As cyberthreats escalate at machine-scale velocity, open-source large language models (LLMs) are emerging as pivotal infrastructure for adaptive, cost-efficient defenses. At RSAC 2025, Cisco, Meta, and ProjectDiscovery unveiled groundbreaking initiatives that signal a shift toward collaborative, community-driven innovation in cybersecurity.

Cisco’s Foundation-sec-8B: A Cybersecurity-First LLM

Cisco’s newly launched Foundation-sec-8B, developed by its Foundation AI group, is an open-source LLM purpose-built for cybersecurity. Trained on a curated dataset—including CVEs, MITRE ATT&CK frameworks, and real-world incident reports—the model excels in threat detection and response.

Key features:

Tailored Training: Combines vulnerability databases, red-team playbooks, and compliance guidelines for deep threat understanding.
Benchmark Superiority: Matches or outperforms larger general-purpose models like Llama-3.1-70B in cybersecurity tasks (e.g., 75.26 vs. 72.66 in CTI-RCM).
Accessibility: Runs efficiently on minimal hardware (1–2 Nvidia A100 GPUs) under Apache 2.0, avoiding vendor lock-in.

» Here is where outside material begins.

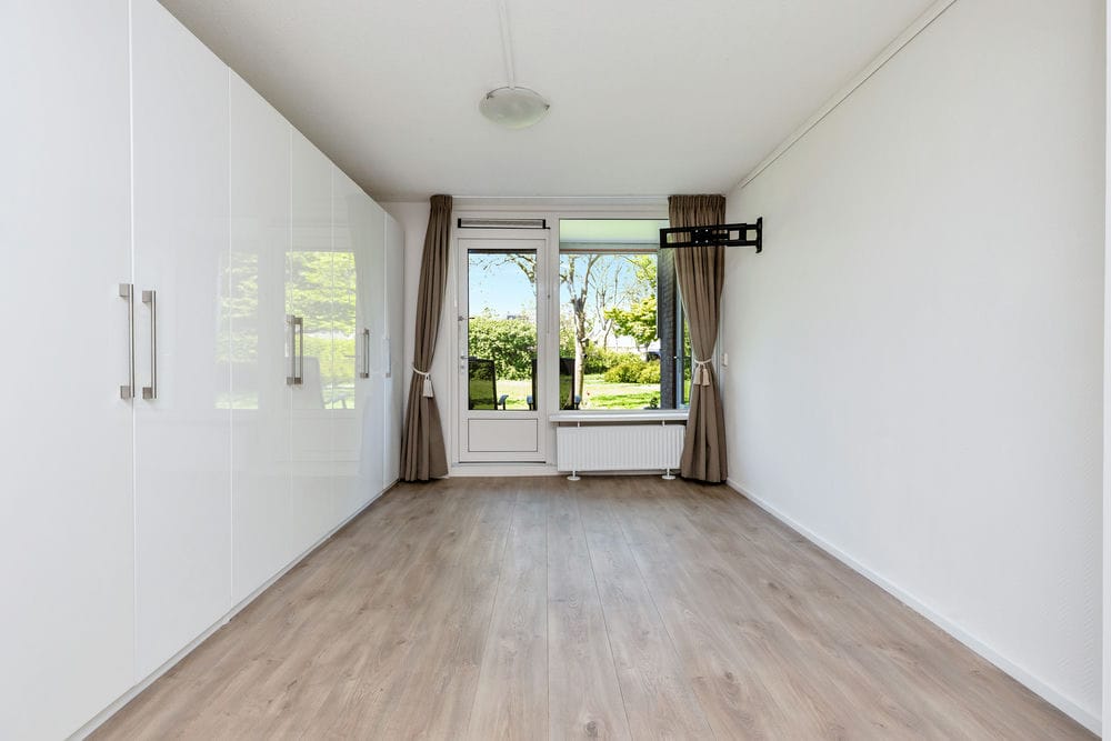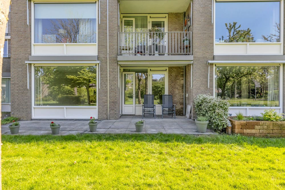 De benedenwoning is volledig zelfstandig met een woonkamer, keuken, complete badkamer, inpandige berging/wasruimte en ruime slaapkamer. De woning is modern en instapklaar, goed onderhouden en heeft grote raampartijen die zorgen voor veel natuurlijk licht. Het privé terras, bereikbaar vanuit zowel de woonkamer als slaapkamer, biedt een fraai uitzicht op de binnentuin en is deels overdekt voor een beschutte zithoek.

Cisco’s vision: Transform competitors into collaborators by open-sourcing tools that unify defenses across SOC, DevSecOps, and threat intelligence workflows.

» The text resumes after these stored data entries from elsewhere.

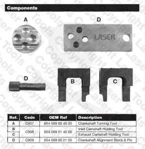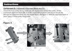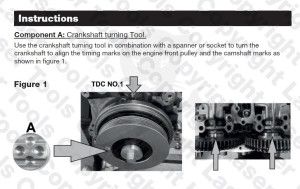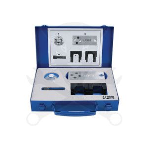 A motor eltávolítása után ez a célszerszám készlet lehetővé teszi a felhasználó számára, hogy pozícionálja a vezérműtengelyeket és a főtengelyt a lánccsere érdekében.
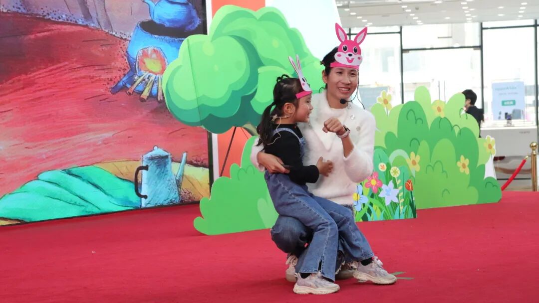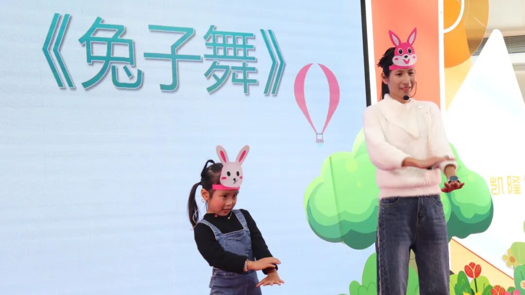 一对亲子家庭表演了绘本剧《逃家小兔》,通过肢体动作与道具使用走进角色,获取真切的故事体验。亲子共同演绎的绘本剧犹如一把神奇的钥匙,让父母和孩子共同打开了一扇通往智慧和快乐的大门,结束后,他们表演舞蹈《兔子舞》,台下小朋友也跟着一起跳。
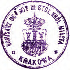 KOMISARZ OBWODU III STOŁ.[ECZNEGO] KRÓL.[EWSKIEGO] MIASTA * KRAKOWA *
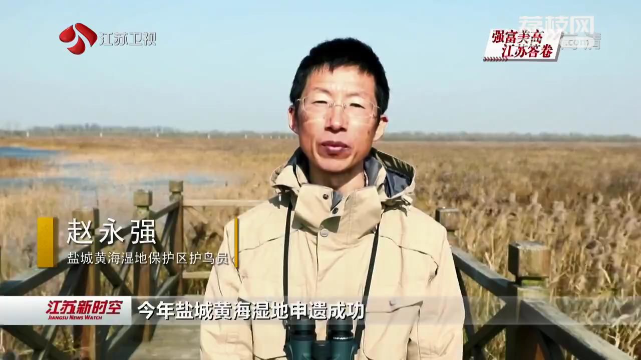 盐城黄海湿地保护区护鸟员赵永强说:“今年盐城黄海湿地申遗成功,成为江苏省首个世界自然遗产。今后,我会跟我的同事继续站好岗,让更多鸟儿来这里栖息安家。”
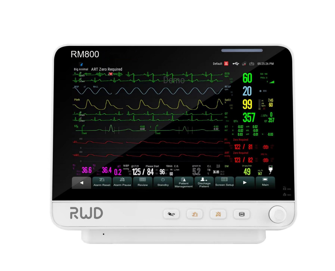 De RM700 is een compacte, lichtgewicht multi-parameter monitor, speciaal ontworpen voor continue bewaking van vitale functies bij dieren tijdens anesthesie, intensieve zorg en routinecontroles. Dankzij diergerichte algoritmes en hoge meetnauwkeurigheid levert het systeem essentiële fysiologische gegevens in real time.

Meta, Cisco put open-source LLMs at the core of next-gen SOC workflows ow.ly/Cw1S10682uj
— Dr Constantina (@startdoms)
5:49 AM • May 6, 2025

Meta’s AI Defenders Suite: Fortifying Generative AI

Meta expanded its open-source security toolkit with:

Llama Guard 4: Multimodal classifier for policy compliance in text/images.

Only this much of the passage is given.